День, другой, третий… Смерть вместе с Берестневым дежурит у изголовья больного. Кто-то из них победит?
А с берега приходят тревожные новости. Газеты сообщили сенсацию дня — около Петербурга чума. Бактерии крепко заперты в гранитном бастионе, а дурные вести здесь не удержишь — у них длинные ноги.
На третий день Падлевскому стало чуть легче, он открыл глаза и первые слова: «Чтобы ни случилось, с форта никого не выпускай. Чума пойдет в Петербург!», и снова впал в забытье. К вечеру опять жар, озноб, бред. Берестнев решил: микробы прорвались в кровь — конец. Еще целые сутки шла отчаянная борьба, пока стало ясно, что победила жизнь. Через месяц доктор Падлевский опять делал сыворотку, которая спасла его от верной гибели и должна была выручить из беды еще очень много людей.
Как-то великий Пастер, сидя над микроскопом в холерном бараке, услышал льстивую фразу: «Для такой работы нужно много мужества». «А долг?», — просто спросил ученый. Долг! Так ответили бы и герои чумного форта.
Но как бы ни была велика их самоотверженность, в душе каждый знал, что долг требует от них не только жертв и подвигов, а гораздо большего — организованной обороны. Долго ли мог героический гарнизон этой одинокой крепости удерживать атаки бесчисленной рати бактерий? Чтобы успешно противостоять им, нужно было создать лаборатории, наблюдательные посты, санитарные кордоны, исследовательские институты, словом, все то, что называют противочумным фронтом. Ни Берестнев, ни его друзья сделать это были не в силах.

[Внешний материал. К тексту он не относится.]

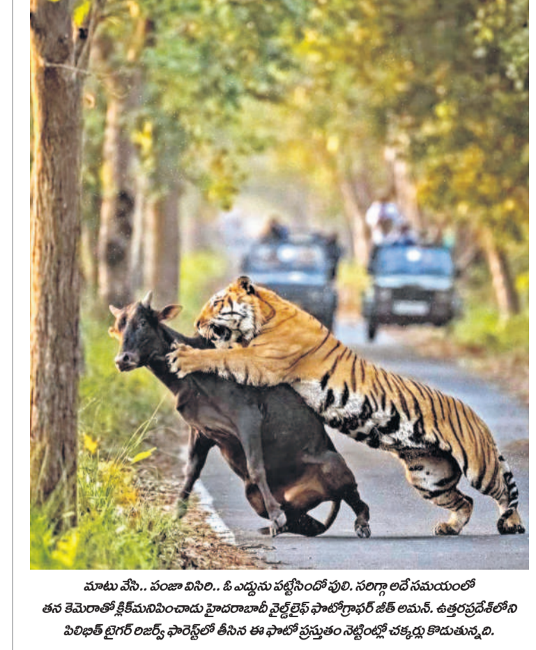
మాటా వేసి.. పంజా విసిరి.. ఓ ఎద్దును పట్టినందులో పులి, సరిగ్గా అడ సమయంలో తన తెమెరాతో కిక్కిరించుకుంటూ హైదరాబాద్ వైట్ ఫెస్ ఫోటోగ్రాఫర్ జి.ఎ.ఎ. ఉత్తరప్రదేశ్ లోని వివిధ టైగర్ రిజర్వ్ ఫోటోగ్రాఫర్ తీసిన ఈ ఫోటో ప్రస్తుతం నెట్లో టాప్ చర్చకు దారితీసింది.

Не один еще год каждое новое открытие чумологи оплачивали самой дорогой ценой — жизнью.
Мария Лебедева, похороненная со своими товарищами на окраине Харбина, Ипполит Деминский, сложивший свою светлую голову в Прикаспийской степи, — все эти герои (герои, а не жертвы!) шли на верную смерть, зная, что только так могут спасти от гибели сотни тысяч людей. Но пришло, наконец, время, когда не отдельные смельчаки, а Республика Советов объявила чуме войну на полное уничтожение.
Советская наука повела на врага широкое контрнаступление. В нем участвовали врачи и зоологи, почвоведы и ботаники, географы и ветеринары. Поиски главных разносчиков и хранителей бактерий шли на огромных просторах родной страны и не прекращались, пока исследователи не выяснили все до единого звенья распространения болезни. Смутные догадки своих предшественников о путях проникновения чумы к людям они превратили в достоверные факты науки. И «черная смерть» начала отступать из своих исконных владений — степных пространств, чтобы больше никогда не возвращаться на нашу землю.
Победили мужество, настойчивость и великая, всепоглощающая любовь к Родине замечательных наших врачей. Победила жизнь.